▶ **TASK REQUIREMENTS**
Copy the records below exactly, starting at the line that contains "Spielgruppen-Wäsche im Spiezberg" and ending at the line that contains "環保局沈先生教導環保概念與環境守護行動實踐的重要"; leave out any pictures.

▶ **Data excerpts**
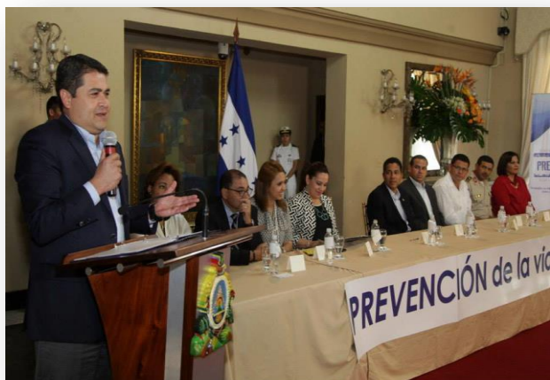
Juan Orlando Hernández, presidente de Honduras (2014-2018), durante la Instalación de mesas de prevención en Seguridad.

Durante las primeras cinco semanas de gestión del nuevo gobierno, se han implementado cinco medidas en relación a la transparencia, Vida Mejor, recuperación de la paz, generación de empleo, y promoción de inversiones.
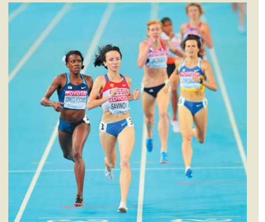
Чемпионка мира по бегу на дистанции 800 м М. Савинова
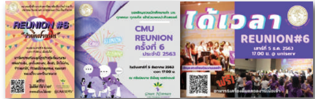
กิจกรรม CMU REUNION

ด้านที่ 4 ส่งเสริมสัมพันธภาพและสนับสนุนการทำงานระหว่างสมาคม นักศึกษาเก่ามหาวิทยาลัยเชียงใหม่ กับชมรม สมาคม ของ คณะ ของจังหวัด และนักศึกษาเก่าทั้งในประเทศและต่างประเทศ รวมทั้งเชื่อมโยงการทำงานกับศูนย์สื่อสารองค์กรและนักศึกษาเก่าสัมพันธ์ มหาวิทยาลัยเชียงใหม่
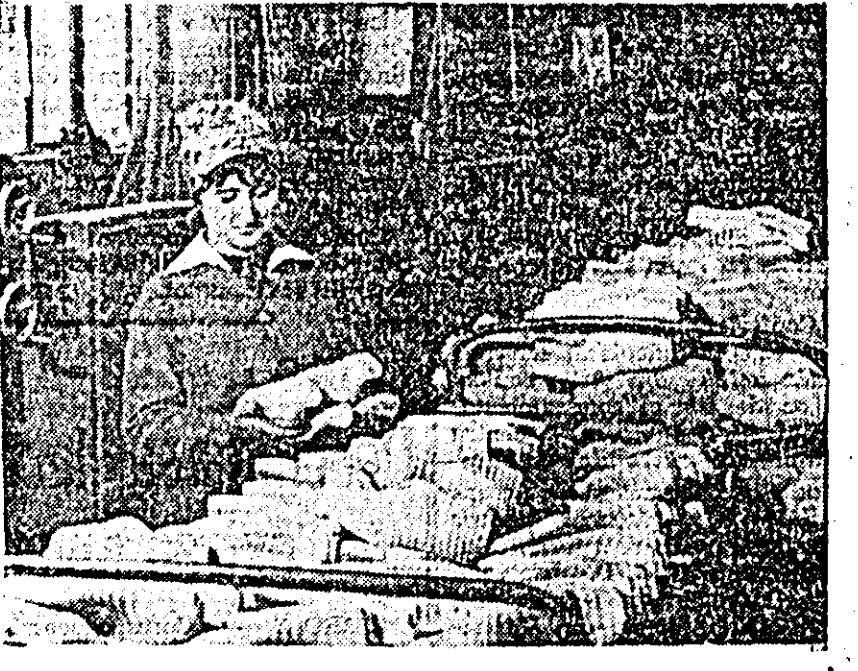
Calapoadele prind contur. Aspect de la fabrica „Libertatea Arad”.

urma stagnării apelor pe terenurile agricole în perioadele de primăvară, refacerea de canale ce deservesc unitățile agricole de stat și cooperativele în special, nu este întretinută în mod corespunzător. Din această cauză este necesar ca în perioada care urmează să fie întreprinsă o acțiune susținută de despotmolire și curățire de vegetație a întregii rețele de canale de pe teritoriul județului, astfel ca fiecare unitate agricolă de stat sau cooperativă să-și asigure funcționarea în condiții bune a rețelelor de canale ce-i aparțin.
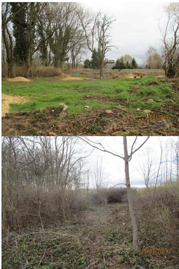
Abbildung 3 und 4: Abholzungen, Foto planerzirkel, März 2019

Vor den Fällungen war dieser Bereich mit Bäumen, wie Pappeln, Ahorn, Eschenaufwuchs etc. und Sträuchern, wie Holunder, Hartriegel, Rosengewächsen, dicht bewachsen. Im inneren Teil des nordöstlichen Gebietes gab und gibt es einen offenen Teil, der vorherrschend mit Riesenbärenklau bewachsen ist. Die Krautschicht besteht vorwiegend aus Ruderalpflanzen wie Brennnessel, Giersch, Brombeere, silberblättrige Taubnessel, Klettenlabkraut, Acker Hellerkraut und Gräsern.
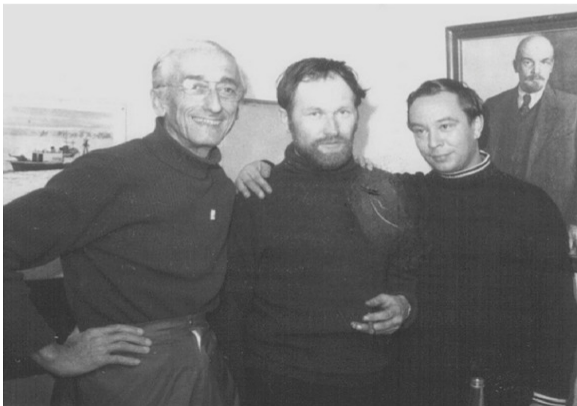
Жак Ив Кусто, автор и Л.Ажгихин
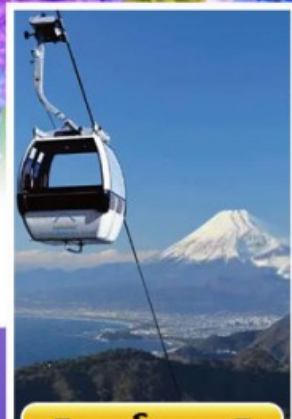
อิซุฟานิรามาวิว
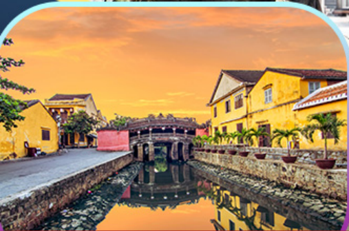
เมืองเก่า Hoi An
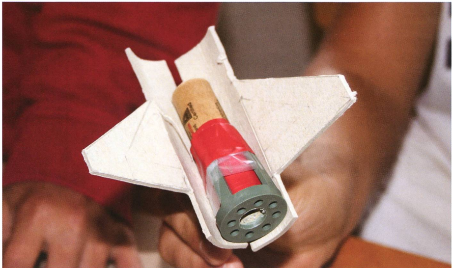
^ Ob der Raketenantrieb auch wirklich funktioniert?

Ist die Überalterung eines Vereins einmal eingetreten, wird die Nachwuchsförderung aufgrund der oben beschriebenen Punkte zu einer
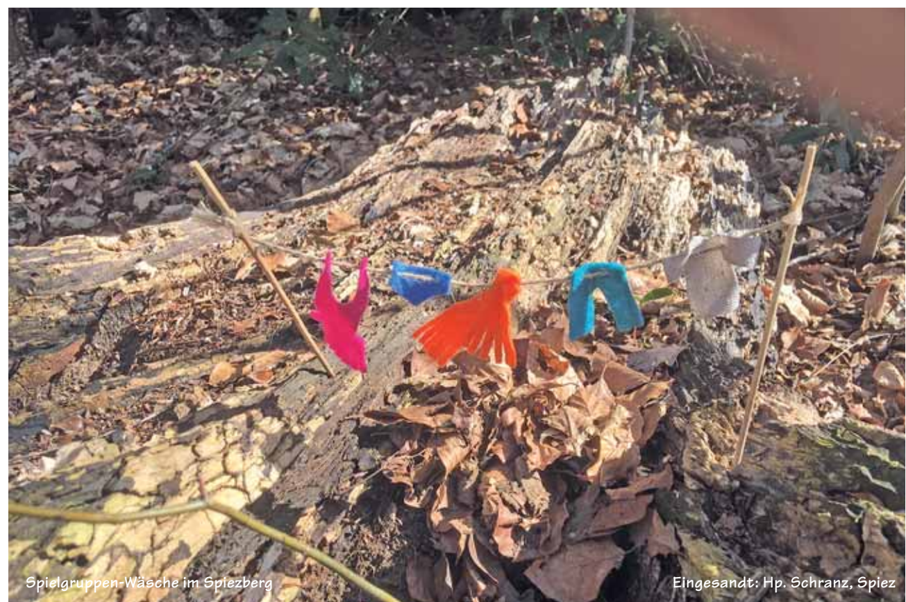
Spielgruppen-Wäsche im Spiezberg
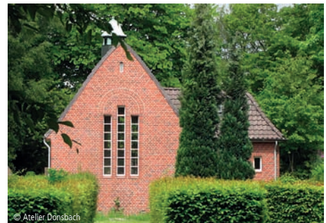
9100-0138 Veranstaltungsraum, ehem. Friedhofskapelle Instandsetzungen mit Restaurierungsarbeiten
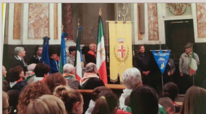
Durante la Messa in ricordo dei Caduti nella chiesa di Taggia
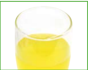
1 Glas Limonade 0,2 l: 83 kcal
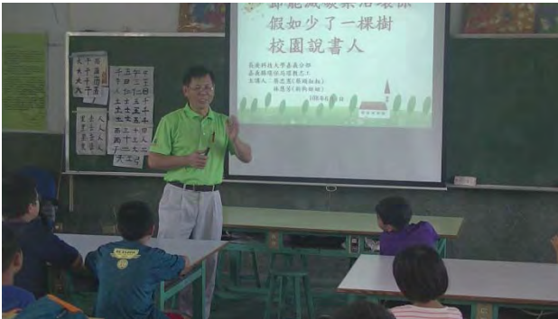
環保局沈先生教導環保概念與環境守護行動實踐的重要
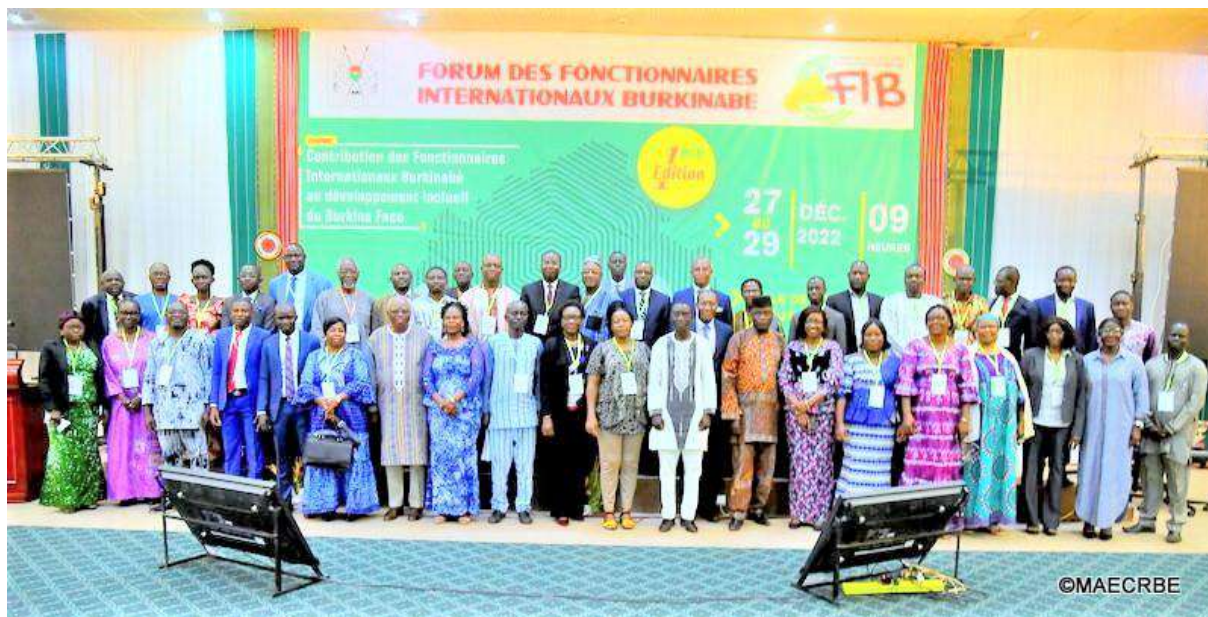
La photo de groupe des participants au premier Forum des Fonctionnaires Internationaux Burkinabè. Le président de l'AAFNU-BF est au 2 e rang, 6 e à partir de la gauche.
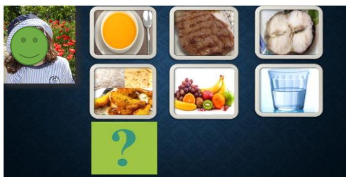
Figura 1. 15 - Exemplar da apresentação de Power point.

Como referimos na metodologia, nos dia 2 e 9 de junho reunimo-nos na sala de atividades e, com recurso a uma apresentação de Power point (figura 1.14), fizemos um balanço daquilo que cada criança comeu e rejeitou ao longo de cada semana. Este balanço foi feito através do diálogo com as crianças, tendo elas próprias a oportunidade de perceber aquilo que comeram e rejeitaram nessas semanas.
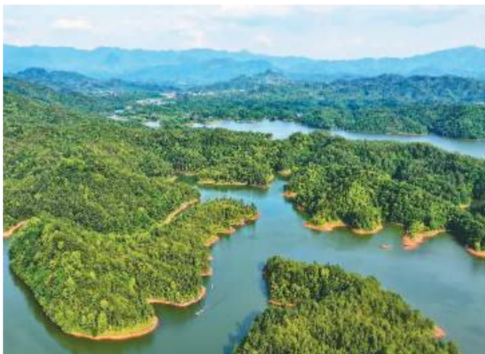
江西省瑞金市近年来坚持绿色发展理念，推行“河长制+党员生态巡护员”治水护水长效机制，深化河湖、水库生态安全。图为瑞金市日东乡日东水库，蓝天白云与清澈湖水交相辉映。

南方航空深圳—墨西哥城直飞航线每周两班。此前，旅客由国内飞往墨西哥或其他拉美国家，通常需要一到两次中转，部分中转地需过境签证，行程时间约三四十个小时。深圳—墨西哥城航线开通后，直飞墨西哥城只需16个小时，大大缩短了行程时间。
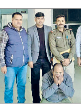
कैथल। दोनो आरोपी थाना साइबर क्राइम गिरफ्त में।
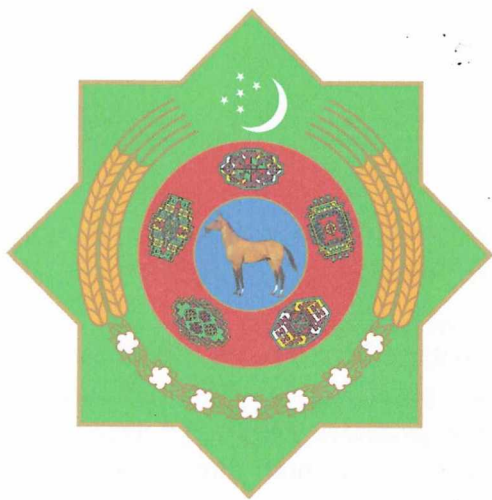
TÜRKMENISTANYŇ DÖWLET TUGRASY
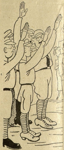
Торжественное привѣтствіе предвѣщало и

гребая, разбрасывали стороны разсыпанные галстуки. Лица нельзя было различить. Оно было залито бившей фонтаном из горла торчала большія ская ножницы.

▶ **OUTPUT OF THE TASK**
Spielgruppen-Wäsche im Spiezberg
9100-0138 Veranstaltungsraum, ehem. Friedhofskapelle Instandsetzungen mit Restaurierungsarbeiten
Durante la Messa in ricordo dei Caduti nella chiesa di Taggia
1 Glas Limonade 0,2 l: 83 kcal
環保局沈先生教導環保概念與環境守護行動實踐的重要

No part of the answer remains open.